(Records from a data collection)
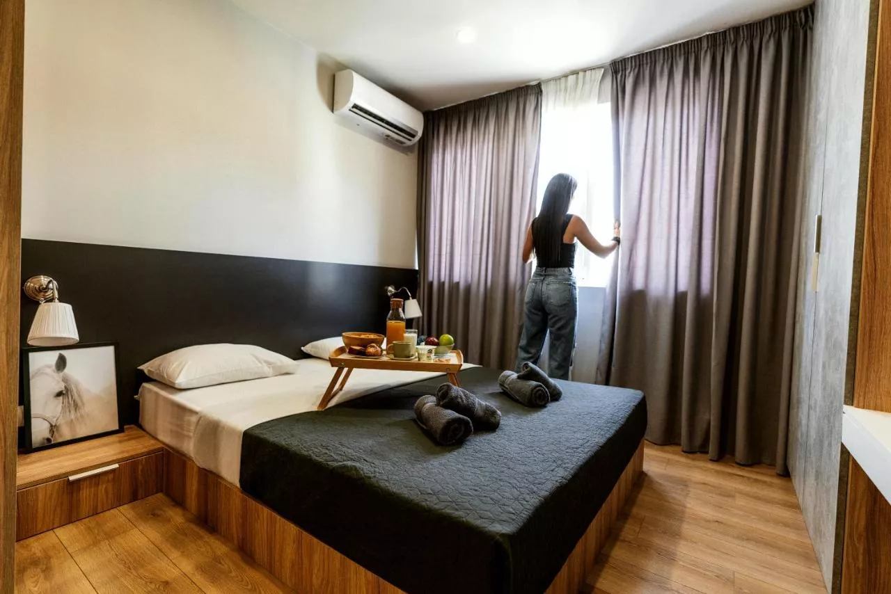 Food & Drink: Dining table Tea/Coffee maker Refrigerator Stovetop Kitchenette Electric kettle Kitchen Accessibility: Upper floors accessible by elevator Media & Technology: Flat-screen TV Pay-per-view channels TV Streaming service (like Netflix) Satellite channels Room Amenities: Extra long beds (> 2 metres) Iron Socket near the bed Tile/marble floor Soundproofing Air conditioning Services & Extras: Towels Linen Bathroom: Free toiletries Hairdryer Toilet Shower Toilet paper Private bathroom Outdoor & View: Inner courtyard view Building characteristics: Detached Physical distancing: Single-room air conditioning for guest accommodation Cleanliness & disinfecting: Hand sanitiser
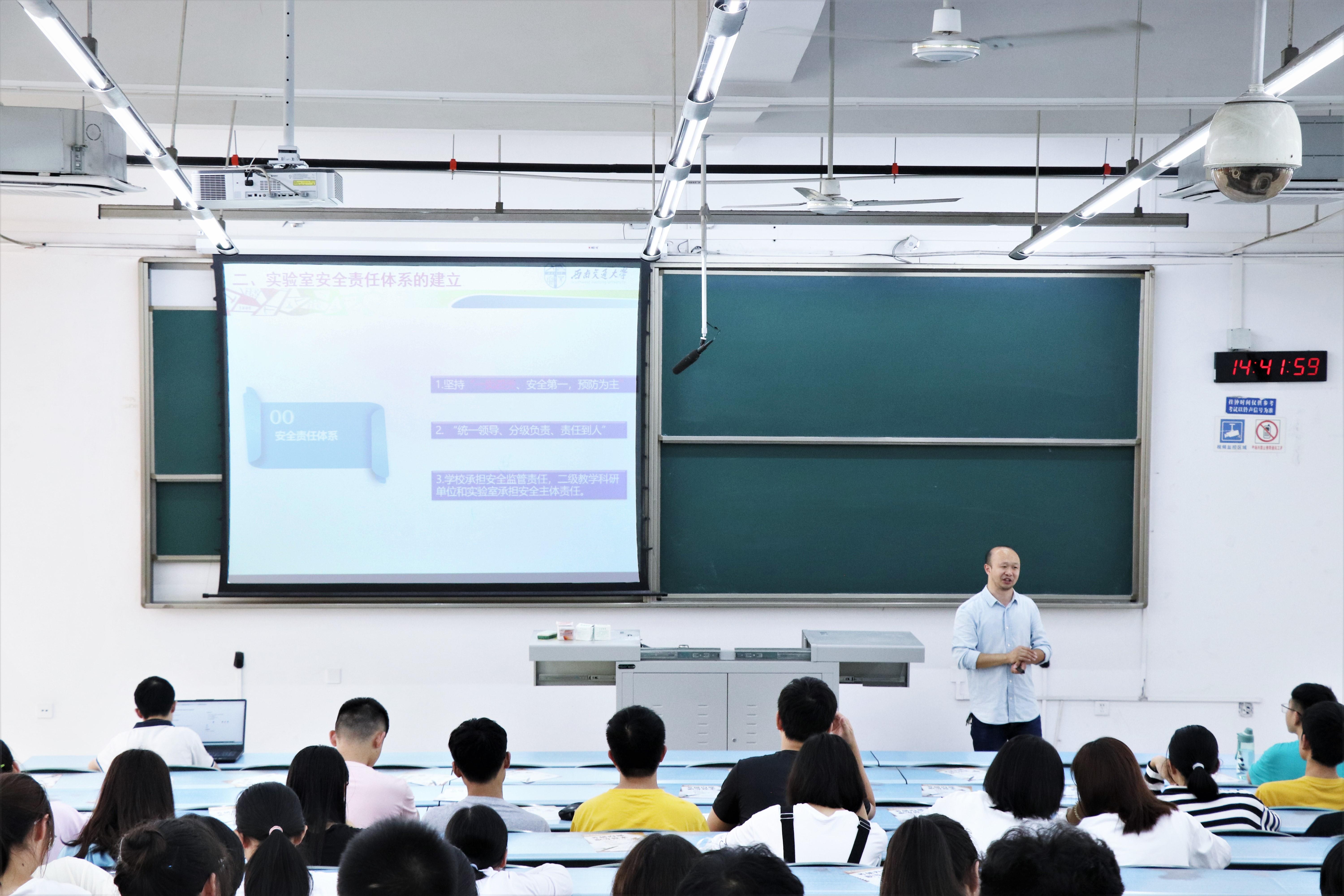 首先,潘老师强调了实验室的重要性,并对校园实验室安全的基本要求做了讲解。实验室的建设程度体现着一所工科学校的综合水平,实验室也是师生进行学习与实践,教学与科研的重要场所。同时,他列举了其他大学因为实验安全管理不当而引发的悲剧,强调了实验室安全的重要性。随后潘老师对实验室安全责任体系进行了介绍,把从学院到导师再到学生自身的要求与责任进行了一一讲解,提出要落实“统一领导,分级负责,责任到人”的理念。
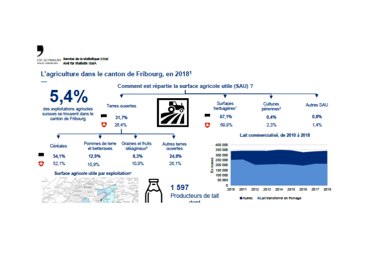 Avec 2'762 exploitations agricoles et 75'033 ha de surface agricole utile, le canton de Fribourg se place respectivement aux 7ème et 4ème rangs en comparaison nationale. En effet, 5,4% des exploitations agricoles suisses se trouvent sur sol fribourgeois. La surface agricole utile (SAU) est principalement repartie en surface herbagère (67,1% pour le canton de Fribourg contre 69,9% pour la Suisse, sans compter les alpages) et en terres ouvertes, champs labourés voués à la céréaliculture, aux légumineuses, aux plantes sarclées (betterave à sucre, pomme de terre), à certaines plantes industrielles et au tabac (31,7% pour le canton de Fribourg contre 26,4% pour la Suisse). On y cultive principalement des céréales (54,1% des terres ouvertes, contre 52,1% dans l’ensemble du pays), ainsi que des pommes de terre et des betteraves (12,9% contre 10,9% en moyenne nationale). La restructuration du secteur agricole est toujours d’actualité en Suisse, où la baisse du nombre d’exploitations en 2018 a dépassé celle de 2017. Dans le canton de Fribourg, on dénombre 78 exploitations de moins. Bien qu’encore inférieure à la moyenne suisse, la proportion des exploitations agricoles bio est à la hausse dans notre canton, atteignant 7,1% en 2018. Ces huit dernières années, la production animale a augmenté dans son ensemble, en particulier la production de volailles. La production de porcs est par contre à la baisse, alors que celle des bovins reste stable. On compte 1'597 producteurs de lait dans le canton en 2018 (-2,7% par rapport à 2017). La part de lait transformé en fromage correspond à 62,3% du lait commercialisé. Le poids du secteur agricole dans le canton de Fribourg se remarque aussi dans la part des emplois dans l’agriculture, qui s’élève à 5,1% des emplois totaux, une proportion qui n’est que de 2,4% au niveau suisse. Le pourcentage de personnes actives dans l’agriculture ayant achevées une formation du degré tertiaire est légèrement plus haut (29,5%) que la moyenne nationale (26,4%). Avec le développement de l’institut agricole de Grangeneuve, ce pourcentage devrait continuer à augmenter. Dans le canton de Fribourg, le secteur agricole est à l’origine du développement d’une importante filière agro-alimentaire qui, avec l’agriculture, l’industrie, le commerce et la restauration, occupe aujourd’hui près de 20% des emplois. Ce sera le thème d’une prochaine communication.
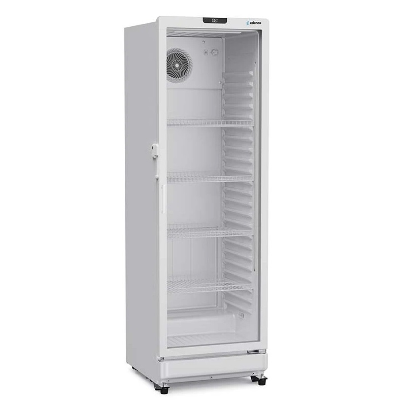 Cada vitrina está equipada com cinco prateleiras, um termómetro, um termóstato e um sistema de descongelação automático.
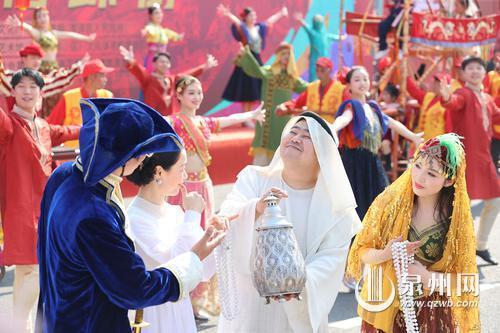 大开道和五音吹方阵演员着盛装,奏鼓乐,开道前行,阵容庞大,富有浓郁的民族特色和地方风情。泉州歌舞剧院的《市井十洲人》方阵展示了宋元时期泉州海外贸易的发展盛况。安溪的泉州妆阁(湖头水车阁)方阵其独特的水车造型和妆阁的华丽装饰相得益彰,水车上的孩童着古装扮相,与扮演宋元时期的泉州人民的演员们共同组成当时的迎番队,彰显了自古以来泉州人包容好客的精神面貌。此方阵掀开了第一篇章,再现宋元泉州“市井十洲人·涨海万国商”。
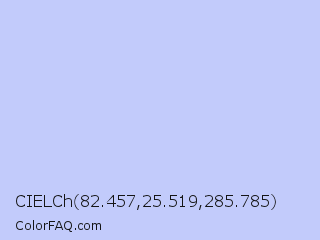 CIELCh 82.457,25.519,285.785 Color is a very light blue color and the nearest color is Periwinkle #ccccff. Hex code #c2cbfb and RGB value is rgb(194,203,251). In RGB color space, this color is composed of 76% red, 80% green, 98% blue, In CMYK color space, this color is composed of 23% cyan, 19% magenta, 0% yellow , 2% black , In HSL color space, this color has a hue angle of 231° , 88% saturation and 87% lightness.
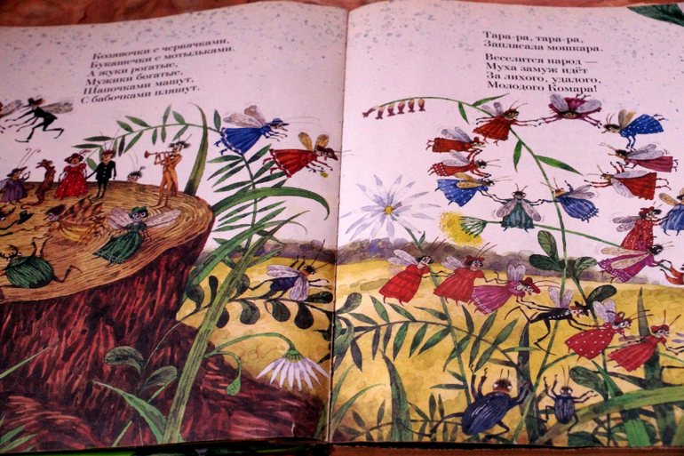 Ой, сколько хороших произведений вы вспомнили! "Муха-цокотуха", действительно, главная именинница масштабного торжества на две страницы - красивая книга.

#### Prompt:
The records above are to be quoted exactly, with all pictures left out.

#### Task response:
 Food & Drink: Dining table Tea/Coffee maker Refrigerator Stovetop Kitchenette Electric kettle Kitchen Accessibility: Upper floors accessible by elevator Media & Technology: Flat-screen TV Pay-per-view channels TV Streaming service (like Netflix) Satellite channels Room Amenities: Extra long beds (> 2 metres) Iron Socket near the bed Tile/marble floor Soundproofing Air conditioning Services & Extras: Towels Linen Bathroom: Free toiletries Hairdryer Toilet Shower Toilet paper Private bathroom Outdoor & View: Inner courtyard view Building characteristics: Detached Physical distancing: Single-room air conditioning for guest accommodation Cleanliness & disinfecting: Hand sanitiser
 首先,潘老师强调了实验室的重要性,并对校园实验室安全的基本要求做了讲解。实验室的建设程度体现着一所工科学校的综合水平,实验室也是师生进行学习与实践,教学与科研的重要场所。同时,他列举了其他大学因为实验安全管理不当而引发的悲剧,强调了实验室安全的重要性。随后潘老师对实验室安全责任体系进行了介绍,把从学院到导师再到学生自身的要求与责任进行了一一讲解,提出要落实“统一领导,分级负责,责任到人”的理念。
 Avec 2'762 exploitations agricoles et 75'033 ha de surface agricole utile, le canton de Fribourg se place respectivement aux 7ème et 4ème rangs en comparaison nationale. En effet, 5,4% des exploitations agricoles suisses se trouvent sur sol fribourgeois. La surface agricole utile (SAU) est principalement repartie en surface herbagère (67,1% pour le canton de Fribourg contre 69,9% pour la Suisse, sans compter les alpages) et en terres ouvertes, champs labourés voués à la céréaliculture, aux légumineuses, aux plantes sarclées (betterave à sucre, pomme de terre), à certaines plantes industrielles et au tabac (31,7% pour le canton de Fribourg contre 26,4% pour la Suisse). On y cultive principalement des céréales (54,1% des terres ouvertes, contre 52,1% dans l’ensemble du pays), ainsi que des pommes de terre et des betteraves (12,9% contre 10,9% en moyenne nationale). La restructuration du secteur agricole est toujours d’actualité en Suisse, où la baisse du nombre d’exploitations en 2018 a dépassé celle de 2017. Dans le canton de Fribourg, on dénombre 78 exploitations de moins. Bien qu’encore inférieure à la moyenne suisse, la proportion des exploitations agricoles bio est à la hausse dans notre canton, atteignant 7,1% en 2018. Ces huit dernières années, la production animale a augmenté dans son ensemble, en particulier la production de volailles. La production de porcs est par contre à la baisse, alors que celle des bovins reste stable. On compte 1'597 producteurs de lait dans le canton en 2018 (-2,7% par rapport à 2017). La part de lait transformé en fromage correspond à 62,3% du lait commercialisé. Le poids du secteur agricole dans le canton de Fribourg se remarque aussi dans la part des emplois dans l’agriculture, qui s’élève à 5,1% des emplois totaux, une proportion qui n’est que de 2,4% au niveau suisse. Le pourcentage de personnes actives dans l’agriculture ayant achevées une formation du degré tertiaire est légèrement plus haut (29,5%) que la moyenne nationale (26,4%). Avec le développement de l’institut agricole de Grangeneuve, ce pourcentage devrait continuer à augmenter. Dans le canton de Fribourg, le secteur agricole est à l’origine du développement d’une importante filière agro-alimentaire qui, avec l’agriculture, l’industrie, le commerce et la restauration, occupe aujourd’hui près de 20% des emplois. Ce sera le thème d’une prochaine communication.
 Cada vitrina está equipada com cinco prateleiras, um termómetro, um termóstato e um sistema de descongelação automático.
 大开道和五音吹方阵演员着盛装,奏鼓乐,开道前行,阵容庞大,富有浓郁的民族特色和地方风情。泉州歌舞剧院的《市井十洲人》方阵展示了宋元时期泉州海外贸易的发展盛况。安溪的泉州妆阁(湖头水车阁)方阵其独特的水车造型和妆阁的华丽装饰相得益彰,水车上的孩童着古装扮相,与扮演宋元时期的泉州人民的演员们共同组成当时的迎番队,彰显了自古以来泉州人包容好客的精神面貌。此方阵掀开了第一篇章,再现宋元泉州“市井十洲人·涨海万国商”。
 CIELCh 82.457,25.519,285.785 Color is a very light blue color and the nearest color is Periwinkle #ccccff. Hex code #c2cbfb and RGB value is rgb(194,203,251). In RGB color space, this color is composed of 76% red, 80% green, 98% blue, In CMYK color space, this color is composed of 23% cyan, 19% magenta, 0% yellow , 2% black , In HSL color space, this color has a hue angle of 231° , 88% saturation and 87% lightness.
 Ой, сколько хороших произведений вы вспомнили! "Муха-цокотуха", действительно, главная именинница масштабного торжества на две страницы - красивая книга.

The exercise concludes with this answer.